Interesting Japanese detective novel

Akimitsu Takagi
The Informer
Soho Press, 1999 (originally published in Japan in 1965 as Mikkokusha)
ISBN: 1-56947-155-X
257 pages
$22.00

The Informer is a detective novel, but since it was written in Japan in the 1960s, it's rather different from recent American detective novels. The story is set in Tokyo and the narration of first half of the book follows Shigeo Segawa, a disgraced stockbroker who also failed in business for himself. He needs work and is offered a sales job with an unusually generous salary. Of course, it's not really sales that he's going to be doing. The narration in the second half of the book mostly follows Saburo Kirishima, a prosecutor who is investigating first one and then two murders.

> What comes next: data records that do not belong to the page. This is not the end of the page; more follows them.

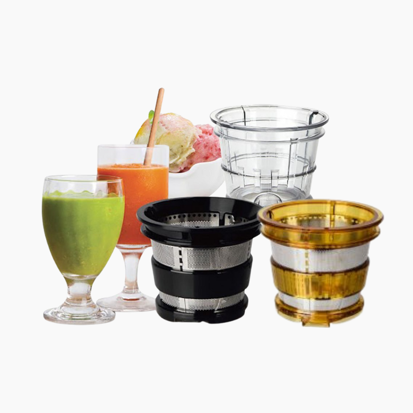 Không chỉ làm nước ép, máy còn đi kèm lưới làm kem và lưới làm sinh tố, tiện lợi khi gia đình bạn có trẻ nhỏ.
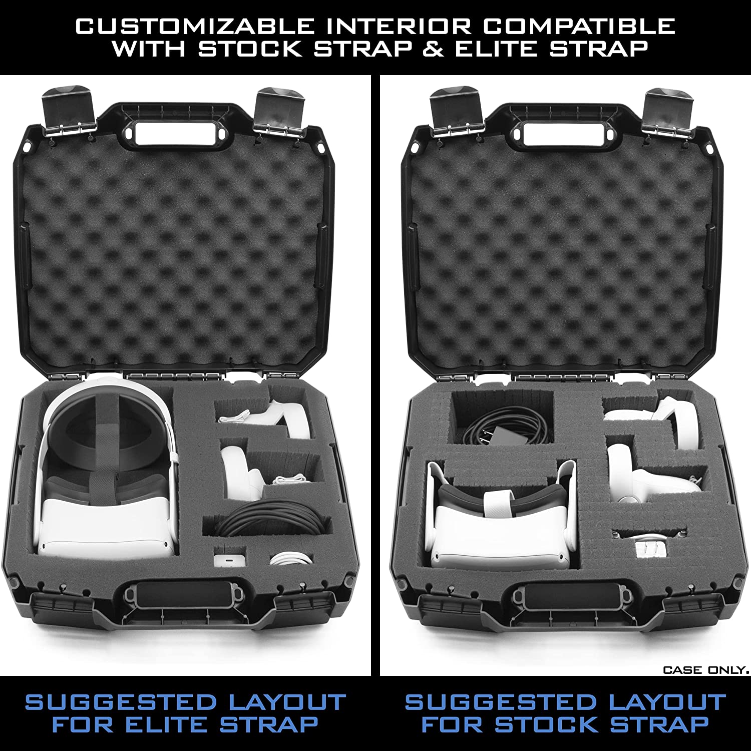 CASEMATIX Hard Case Compatible with Meta Quest 2 and Oculus Quest 2 VR Gaming Headset & Accessories - Hard Case with Customizable Foam fits Elite Strap and Other Accessories
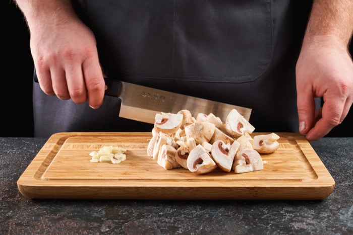 Houby omyjeme a osušíme papírovou utěrkou. Jemně nasekáme česnek, nasekáme houby.
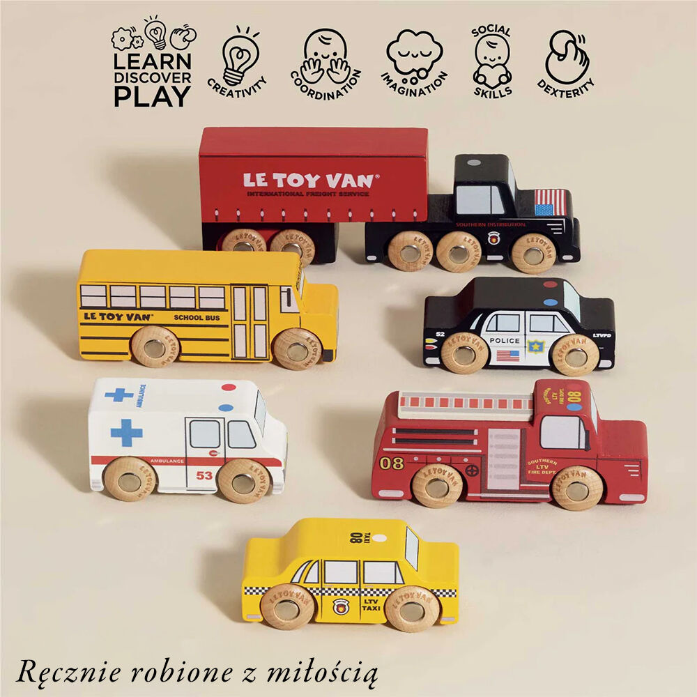 Le Toy Van - Drewniane samochody zestaw Nowy Jork, zabawka pojazdy dla dzieci

The book's plot is interesting and inventive and the reader does get some tastes of Japanese culture along the way. Alas, there's little of the atmosphere of 1960s Tokyo in the book. Mr Takagi's original readers would have probably have had little need for that, but I'd have enjoyed it. As a detective novel set in a different culture, the book is well worth reading though it isn't thrilling by modern standards.


Mr Takagi's translator, Sadako Muzuguchi, has done a fine job, but I believe that she is not a native speaker of English. A final pass by a native speaker might have resulted in a translation that was occasionally a trifle smoother.